DATA SEGMENT:
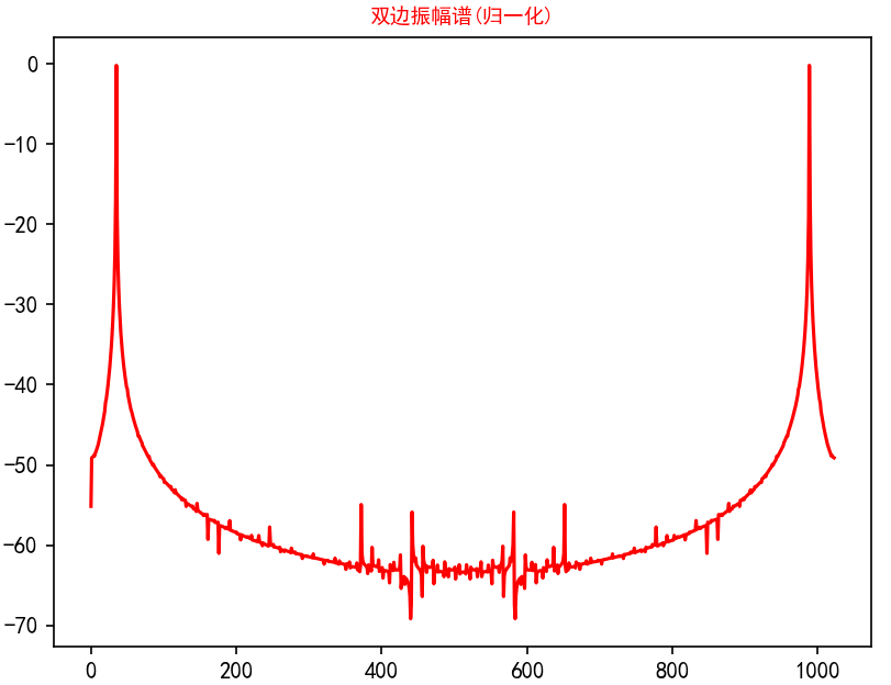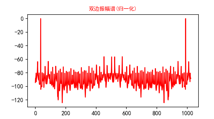 plt.title('双边振幅谱(归一化)', fontsize=9, color='red')
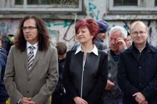 W setną rocznicę przyłączenia Stogów do Gdańska uroczyście otworzono nowe przyszkolene boisko. Szkoła Podstawowa nr 11 przy ul. Stryjewskiego 28. Nz. od lewej Piotr Janusz Pardo Dyrektor SP 11, Teresa Pańka Zastępca Dyrektora SP 11, Maciej Lisicki Zastępca Prezydenta Gdańska.
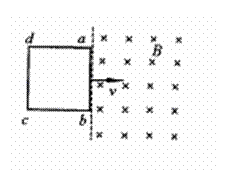 如图 所示,在绝缘光滑水平面上,有一个边长为L的单匝正方形线框abcd,在外力的作用下以恒定的速率v向右运动进入磁感应强度为B的有界匀强磁场区域。线框被全部拉入磁场的过程中线框平面保持与磁场方向垂直,线框的ab边始终平行于磁场的边界。已知线框的四个边的电阻值相等,均为R。求:
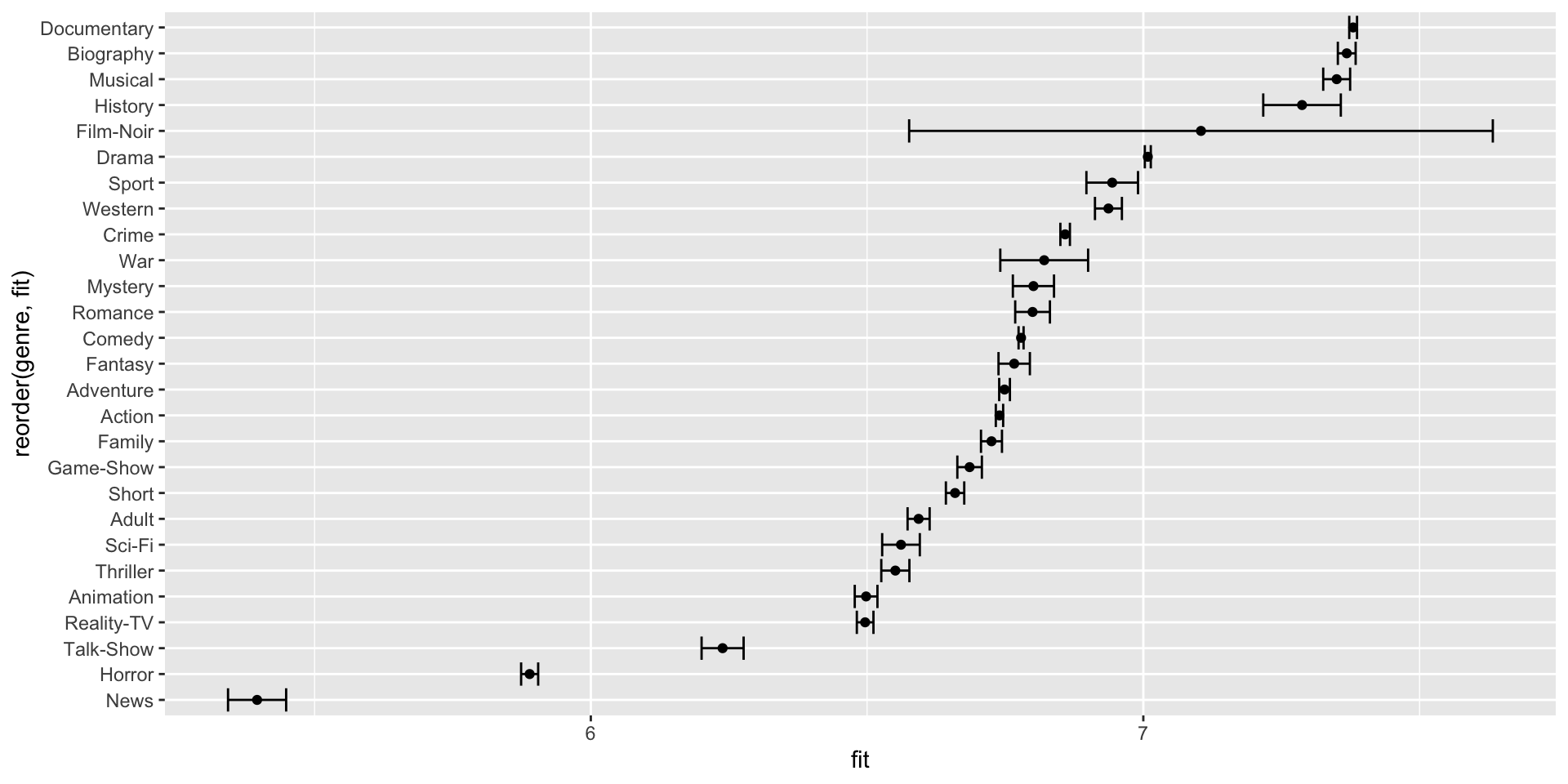 genreDocumentary 6.187e-01 4.984e-03 124.144 < 2e-16 ***

ABOUT THIS EXERCISE: Give back, word for word, the lines from the one containing "如图 所示,在绝缘光滑水平面" through the last line of the listing above; include both ends and exclude the pictures.

WRITTEN REPLY:
 如图 所示,在绝缘光滑水平面上,有一个边长为L的单匝正方形线框abcd,在外力的作用下以恒定的速率v向右运动进入磁感应强度为B的有界匀强磁场区域。线框被全部拉入磁场的过程中线框平面保持与磁场方向垂直,线框的ab边始终平行于磁场的边界。已知线框的四个边的电阻值相等,均为R。求:
 genreDocumentary 6.187e-01 4.984e-03 124.144 < 2e-16 ***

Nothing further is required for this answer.